By the way, defined like that, it becomes natural to link the strategic side of architecture to ‘the art of the long view’ as Peter Schwartz called scenario planning in his book of the same title. Note: the scenarios (‘plots’) are not helpful/needed in enterprise architecture (same video as mentioned above, a bit further in). The uncertainties alone will do the job. Actually, uncertainty planning would have been a better name for the methodology; the actual scenarios (‘plots’) are not the most important part of scenario planning, just a way to make it more manageable. But I digress (as usual).
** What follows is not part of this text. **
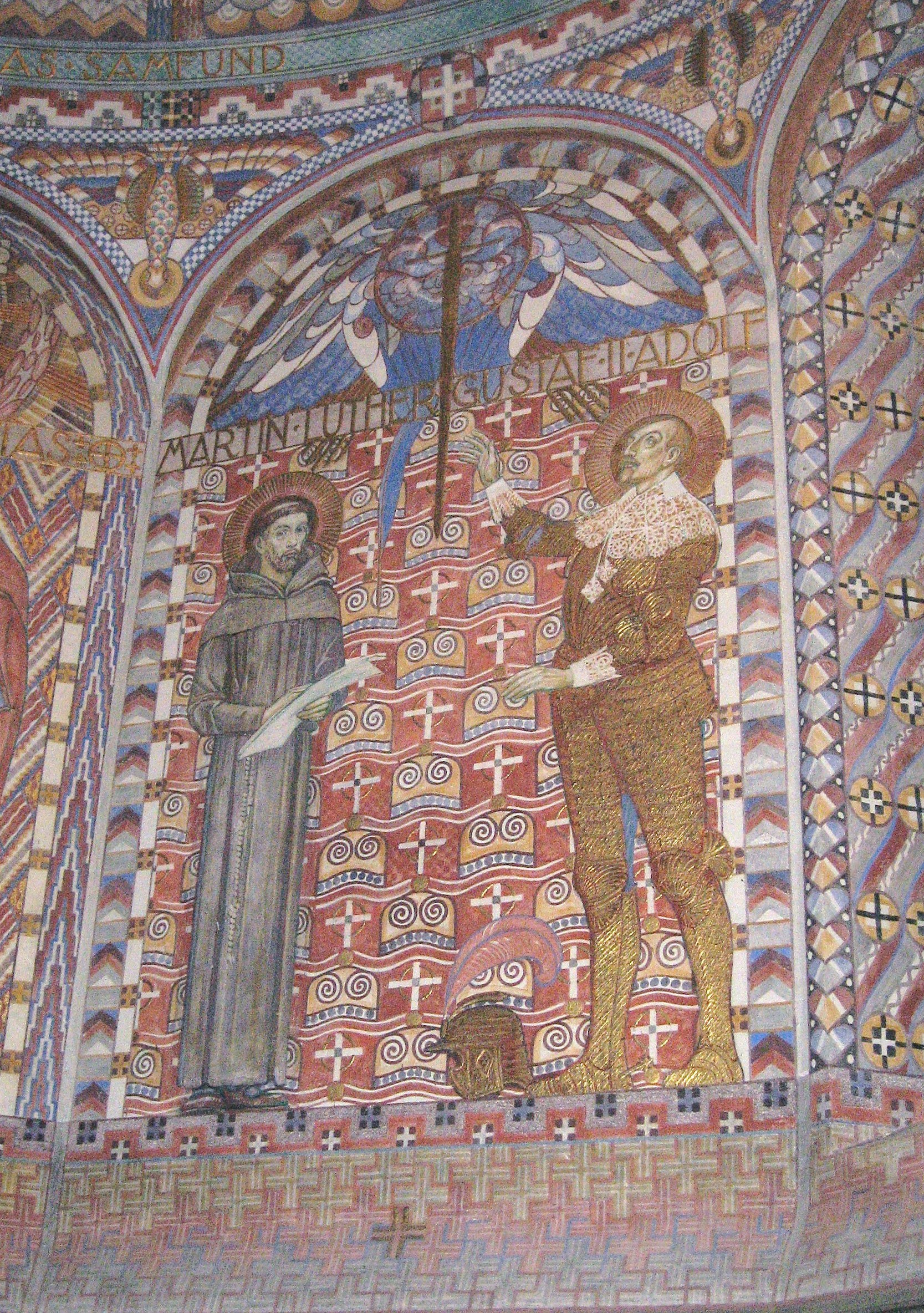 Uppenbarelsekyrkan, Saltsjöbaden, Stockholm County, Sweden. Sanctuary. Painting of Martin Luther and Gustav II Adolf by Olle Hjortzberg.

Previous post in this column: Agile & Architecture 

2 Comments

  • abyshenk says:

    Very nice description. As an EA, I completely agree with the understanding that EAs MUST be deeply well-versed in the technology. While I spend significant time setting the architectural strategies, I still regularly design solutions AND write and review code. I very much like the last set of charts contrasting Architects at different levels based on the comprehensiveness of their Domain knowledge; that is exactly the distinction we use where I work. Moreover, I really appreciate the advice that enterprise landscape should be driven by architectural strategy rather than by business strategy and that good architects iterate and evolve the enterprise landscape as the business determines new goals.
    One thing I find curious is the admonishment that architectural principles are “generally useless and often toxic”. I did read the referenced post, but it provides scant support for its claim. While it is true that any “principle” can be misappropriated, misuse doesn’t mean the principle is flawed. I try to teach developers coding through example and instruction to help them understand why they would want to implement in some ways over other ways. I also ask developers to become familiar with Design Patterns and then, as we encounter specific problem spaces, I recommend applying the patterns that best address the problems. But I also ask developers to consider Design Principles that guide the overall organization of the architectural design. Applying the LIskov Substitution Principle and the Single Responsibility Principle result in considering the landscape at a level of abstraction that should become second nature for good developers.

    • Gerben Wierda says:

      Hi Andrew, the problem is not with guidelines (such as LSP for OO programmers) but with comply or explain. Comply or explain is inherently contradictory. If complying means that you do not have to explain, then complying is suggested to be ‘always OK’. But the ‘or explain’ part says that there may be reasons not to comply, so it is not ‘always OK’. That is a contradiction. Comply or explain is toxic in practice: people choose to comply in the exceptional situation where they should not. It is exactly right to say that what is behind the examples like LSP is that it is ‘second nature’ for good developers. So, good developers do not need the principle. One could say I prefer ‘the guides live inside the developer’ (nature, skills) and not ‘the developer lives inside the rules’ (stupid bureaucracy). The principles are not bad, generally they are ‘preferred outcomes’ that should be part of the nature of a developer. But putting the developers inside the constraints of the rules doesn’t turn bad developers in good developers. Hence, guidelines, fine. Principles: risky business. Design Patterns: very good. Blindly following design patterns: risky business.